Now it is.

Saturday evening, as many will know, was the official launch of both the publishing company, diiarts, and my historical novel, May 1812.

And now it is Monday evening, and all yesterday and today, I have been asked how I’m feeling?  Am I excited?  Have my feet hit the ground?  Is it wonderful?  Am I relieved?  Was it all brilliant? 

Yes, yes, yes and yes. 

And curiously, the thing that I was most concerned about–meeting people–went very well.  Not a single one threw wine in my face, bunged rotten tomatoes at me, called for the reintroduction of the pillory, twapped me hard about the head, or slapped me.  The reading of an excerpt from the book also went surprisingly well–although I’ll tell you this:  when reading aloud dramatically I have discovered I spit like crazy.  (Charming, I know–and you didn’t want to know that.)

But the emotions today encompass all of those fine, exalted thoughts and more.  Or perhaps it’s just very different.  I don’t know.

Because there’s a great deal more to it than all that.  For you see, in one day, an idea that I had been nurturing, writing, working toward and living has ceased to be just an idea in my head, but it is now an object of desire, coveted and covetable, a hardcover book. 

(And thanks to the superb work by the cover artist, it is a very beautiful book, too.) 

A few weeks ago–this was following working very hard on the final editing, the final scenes–I awoke one morning and realised that the door to Myddelton’s life was now closed to me.  It was done.  And there was nothing I could add or discuss or change.  I didn’t belong in his head or his bedroom any longer.  It was all done.  I had said all there was for me to say.  And although he would always be close to me, I could never again enter into his private world.  Which is an odd sentiment–perhaps even a tristesse. 

And the realisation that May 1812 is now out there, to be bought, cherished, disliked, coveted or whatever, by the reading public is an extension of that.  It is no longer my book.  It belongs to whomever buys it, reads it, engages with its characters and ideas and has it on their shelf…  


This entry was posted in Writing.

8 comments on “Now it is.

  1. Greta Thain says:

    There should be a sunset

    • M M Bennetts says:

      In the middle of the day, in the middle of a drizzle-fest of lowering clouds (that is lowering right onto my helmet), there should be a sunset?
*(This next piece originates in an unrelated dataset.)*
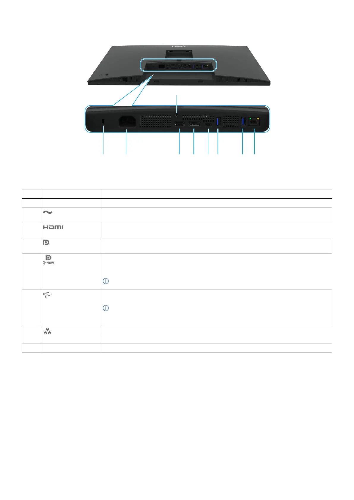 Security lock slot Secures the monitor with a security cable lock (sold separately).

I’ll mention it to God, shall I? Ha ha.

  2. That won’t work, unless he’s got a copy of Photoshop.

  3. Malcolm Mendey says:

    It will always be your book, MMB; but now it is to be shared and enjoyed with other fortunate souls. I am anxiously awaiting delivery of my personal copy to be displayed in a prominent position on one of my shelves.
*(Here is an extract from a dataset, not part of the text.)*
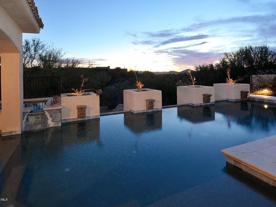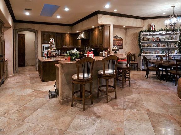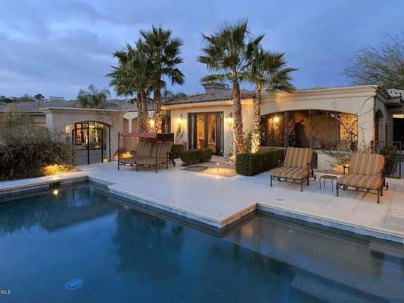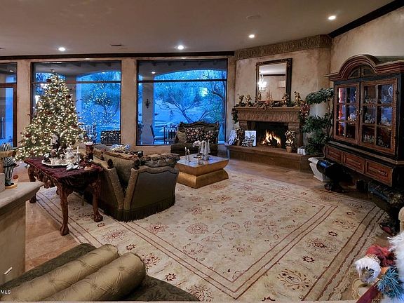 WOW! A Mediterranean master piece! True old world character, richness and charm with modern day luxury. 4bedrooms+media room(front bedroom could be den/office, private entrance), 4 full baths, 2 half baths, 4 indoor fireplaces, 1 outdoor fire place & extended height/length 3 car garage with built-in-cabs. Amenities include travertine floors, carved canterra fireplaces, custom wood pillars, doors & crown molding, custom designer paint, media room w/bar & projector screen, chef's kitchen w/ granite and sub zero, breakfast nook & patio, north facing rear yard and patio, private patio & fountain at rear bedrooms, heated pool & spa with outdoor family room boasting BBQ & bar(appliances are missing), T/V & surround sound wiring, changing room, & views of canyon & city lights to wow your guests.

    My very best to you on achieving your dream.


    • M M Bennetts says:

      Well, that is true. But at the same time, I suddenly realised that just as I buy a book, read it, put it on the shelf and think of it as mine–as in my Patrick O’Brians, or my Dick Francis…and I’m not wrong to think that, for after all, I bought it, I own it; so too, now someone else who has acquired May 1812 could say the very same thing. It’s theirs.

      Just never considered it before, you know.